Ripley’s Believe It or Not! Wild & Wacky Edition 2017. Scholastic. $16.99.

     Originally published in 2005 and now available in paperback, Steve Jenkins’ and Robin Page’s I See a Kookaburra! is a kind of real-life Where’s Waldo? – but with a distinct educational purpose and some fascinating information packed inside. The setup is quite simple: the book shows six different parts of the world, each including eight animals plus one ant (since ants live just about everywhere). It is the execution of the design that makes the book special: only parts of the animals are visible, which means that just as it is difficult to see animals in their natural habitat, so it is difficult to pick all of them out and identify them here. Finding the ants is by no means easy, either. Each two-page spread of a habitat is followed by two pages showing the animals against a plain white background, in the same positions and poses used when showing them in their habitat – so kids can go back and find any they missed, and also get an even better sense of where each animal lives in the wild. Three different tails stick out of the surroundings in a desert in the American Southwest, for example. It turns out that one belongs to a kangaroo rat, one to a Gila monster and one to a rattlesnake. And what looks like a fourth tail is actually a cactus flower.
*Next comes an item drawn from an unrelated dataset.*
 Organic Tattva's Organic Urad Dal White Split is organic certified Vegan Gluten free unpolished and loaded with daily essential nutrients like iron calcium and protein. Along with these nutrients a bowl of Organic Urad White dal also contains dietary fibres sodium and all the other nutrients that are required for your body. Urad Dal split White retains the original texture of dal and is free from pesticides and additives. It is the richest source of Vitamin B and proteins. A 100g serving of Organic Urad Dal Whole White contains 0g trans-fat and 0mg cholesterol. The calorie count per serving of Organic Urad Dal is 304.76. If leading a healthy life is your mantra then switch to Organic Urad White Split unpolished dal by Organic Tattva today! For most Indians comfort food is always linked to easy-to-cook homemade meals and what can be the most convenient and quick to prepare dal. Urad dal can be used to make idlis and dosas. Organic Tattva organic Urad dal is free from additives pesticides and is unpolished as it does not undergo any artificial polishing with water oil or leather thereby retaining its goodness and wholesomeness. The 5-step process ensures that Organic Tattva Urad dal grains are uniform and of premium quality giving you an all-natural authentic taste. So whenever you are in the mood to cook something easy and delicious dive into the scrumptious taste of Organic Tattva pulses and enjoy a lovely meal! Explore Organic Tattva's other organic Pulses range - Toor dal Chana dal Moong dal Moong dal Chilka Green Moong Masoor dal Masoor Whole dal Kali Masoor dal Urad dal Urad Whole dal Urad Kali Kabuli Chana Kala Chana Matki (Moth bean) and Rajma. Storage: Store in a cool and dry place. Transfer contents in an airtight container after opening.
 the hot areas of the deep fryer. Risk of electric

Elsewhere, an African savanna contains a rhinoceros that is fairly easy to see, a dung beetle that is not, and a giraffe antelope that is hard to recognize even when it is spotted. In an Australian forest are a cassowary (only one eye visible), a barely noticeable koala asleep in a tree, and an almost perfectly camouflaged dingo. And so on for more habitats and more animals throughout the book. The final five pages show small pictures of each of the animals and give considerably more information about them in compressed (one-paragraph) form. Jenkins and Page do an excellent job of making that information interesting: they explain why the frilled lizard is also called the bicycle lizard, discuss the unique social environment of the naked mole rat (the only mammal that lives in ant-like colonies), explain why dung beetles are so important, and talk about a six-inch-long insect (the rhinoceros beetle). There is a lot more than a kookaburra to see in I See a Kookaburra! And everything in the book is very much worth seeing.
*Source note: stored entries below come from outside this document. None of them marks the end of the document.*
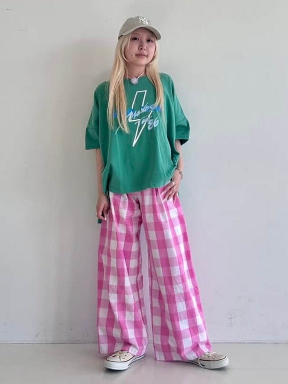 〈GOOD ROCK SPEED〉ビッグTでハッピーカラフルな色合わせ♪おしりが隠れる着丈でリラックスして着られます。パンツは152cmでMサイズ着用、ゆったりしたサイズ感です ©2025 Leidseplein Presse B.V. Under License to Perryscope Productions LLC ビームス 銀座 / haru
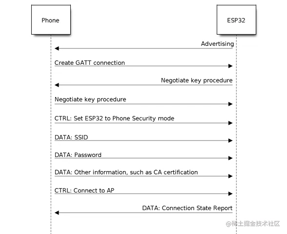 Wi-Fi配置信息发送到ESP32,包括SSID、密码等。 - 手机向ESP32发送Wi-Fi连接请求的控制帧。ESP32 收到此控制帧后,会认为基本信息的通信已完成,并准备
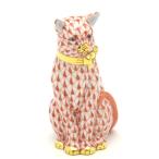 ヘレンド 猫 置物 座っているねこ ピンクの鱗模様 手描き ネコ 磁器製 飾り物 Herend
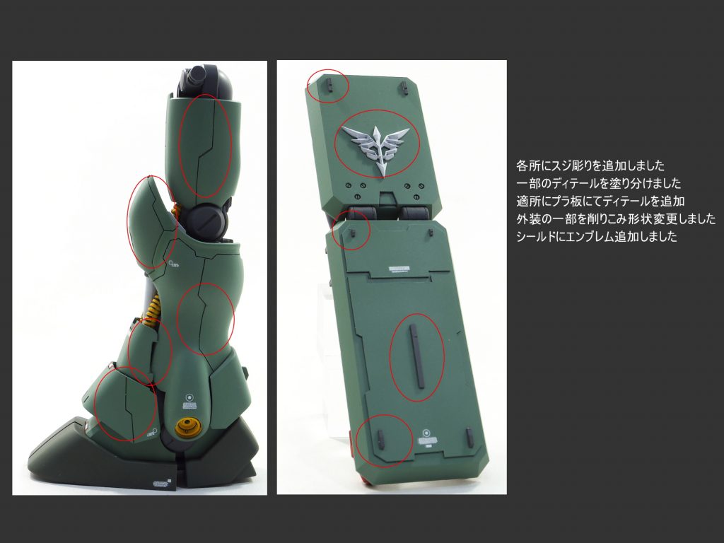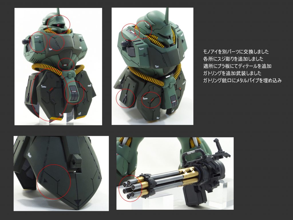 MG ギラドーガを製作いたしました。 全体的にスジ彫りやディテールを彫り込みを行い 一部のディテールを数色を使い塗り分けました。 適所にプラ板にてディテールを追加しました。 ガトリングガンを追加し武装強化しました。

     The pleasures of seeing the people and things in Ripley’s Believe It or Not! Wild & Wacky Edition 2017 are decidedly more mixed. The successors to Robert Ripley can no longer roam the world looking for naturally occurring human and animal oddities or “freaks,” as Ripley himself did – that would be politically incorrect. So more and more of the Ripley legacy depends on showing readers things that people who want to draw attention to themselves have done for the explicit purpose of getting noticed. The result is a sort of still-photo reality television with, unfortunately, just as great a propensity for catering to celebrity worship (the new book shows a sculpture of Angelina Jolie made from crayons and one of Niki Minaj made from toast, for instance). This 2017 compendium of attention-getters includes a nine-year-old girl who invented a healthful lollipop; a watermelon-flavored bagel sold in Japan; a man who ran across the United States to raise money for charity; a race in which competitors ride ostriches; a playground made from snow and ice in Sweden; a sinkhole in Guatemala; a man in Japan who takes his 150-pound tortoise on walks into town; a giraffe with a crooked neck that was broken in a fight; a vending machine that dispenses live crabs in a part of China where they are considered a delicacy; and more. A few human beings who would previously have been put on display still appear in the book, but only in the context of being heroic and worthy of admiration: a wheelchair-bound man who can do cliff diving; a professional bass fisherman born without legs or a left arm and only part of a right arm; a woman who in 2008 became the first armless person to become a licensed pilot; and so on. Certainly Ripley’s Believe It or Not! Wild & Wacky Edition 2017 is more humane and uplifting than long-ago entries featuring exhibits from the old-style Ripley’s “odditorium” (that was the name of the museum Ripley opened in 1933). But the new Ripley’s is simply not as interesting or involving as the old Ripley’s used to be, partly because so many odd things are so visible so often on the Internet – and partly because Robert Ripley’s successors bend over so far backwards to avoid potentially upsetting or offending anyone with their displays. There is enough of interest in this book to give it a (+++) rating, but it is neither as wild nor as wacky as its title would have readers believe it to be.